The US will recognize an Israeli application of sovereignty over parts of the West Bank when a) the joint US-Israel mapping committee has completed its work, b) the Israeli government implements the four-freeze of the areas earmarked for a future Palestinian state and c) the government formally agrees to negotiate with the Palestinians a final-status peace deal based on terms Trump’s peace deal, the official said.

If the Palestinians continue to refuse to engage with the US and Israel on the plan, annexation can go ahead in the absence of a Palestinian state, he added.

Netanyahu has declared repeatedly that he considers the so-called deal of the century a golden opportunity that Israel must not miss, and that he is willing to fulfill the above-mentioned criteria before pressing ahead with annexation.

“Three months ago, the Trump peace plan recognized Israel’s rights in all of Judea and Samaria,” Netanyahu said Sunday, referring to the West Bank by its biblical name. “And President Trump pledged to recognize Israel’s sovereignty over the Jewish communities there and in the Jordan Valley.”

He added: “A couple of months from now, I’m confident that that pledge will be honored.”

Blue and White leader Benny Gantz (left) and Prime Minister Benjamin Netanyahu sign their unity government agreement on April 20, 2020 (courtesy)

According to the wording of the “emergency government” deal between Netanyahu’s Likud party and Benny Gantz’s Blue and White faction, starting July 1, 2020, Netanyahu “will be able to bring the agreement reached with the US on the application of sovereignty [in the West Bank] for the approval of the cabinet and or the Knesset.”

In addition, “the law will be passed as quickly as possible… and will not be disrupted or delayed by the chairmen of either the House or the Foreign Affairs and Defense committees.”

The Netanyahu-Gantz deal stipulates that any Israeli action would need US backing, and must take into account Israel’s peace treaties with neighboring Jordan and Egypt, the only two Arab states that have formal peace treaties and diplomatic relations with Israel.

While the Trump deal formally calls for the establishment of a Palestinian state with limited sovereignty in four years, it is conditioned on a long list of demands and requirement that no Palestinian leadership is likely to accept.

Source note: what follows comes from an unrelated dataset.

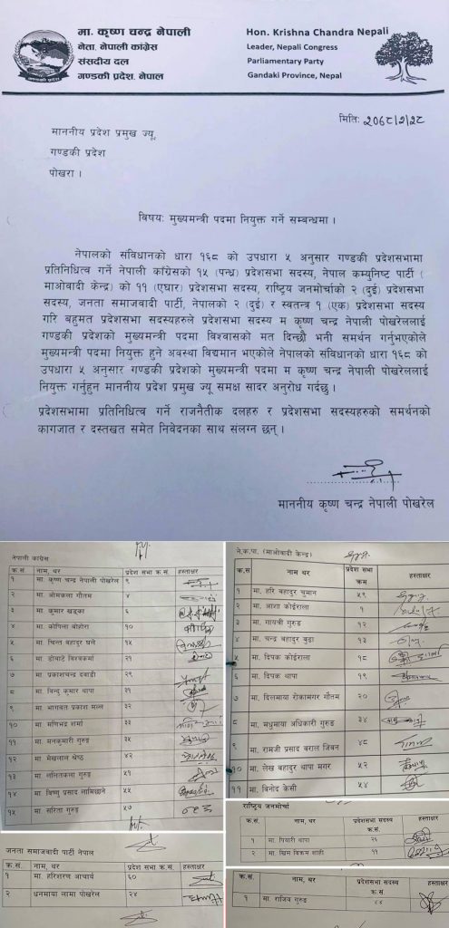 बहुमत सांसदको हस्ताक्षरसहित नेपाली कांग्रेसका सांसद कृष्णचन्द्र नेपाली पोखरेलले गण्डकी प्रदेशमा मुख्यमन्त्रीमा दावी पेश गर्नुभएको छ । गण्डकी प्रदेश प्रमुख सीताकुमारी पौडेलसमक्ष उहाँले दावी पेश गर्नुभएको छ ।

Still, some members of Netanyahu’s Likud party, as well as his current and potentially future coalition partners from the pro-settlement Yamina list, are staunchly opposed to the very notion of a Palestinian state on any parts of the West Bank. The US administration’s insistence on making green light for annexation contingent on a (even theoretical) commitment to Palestinian statehood could hence complicate coalition negotiations.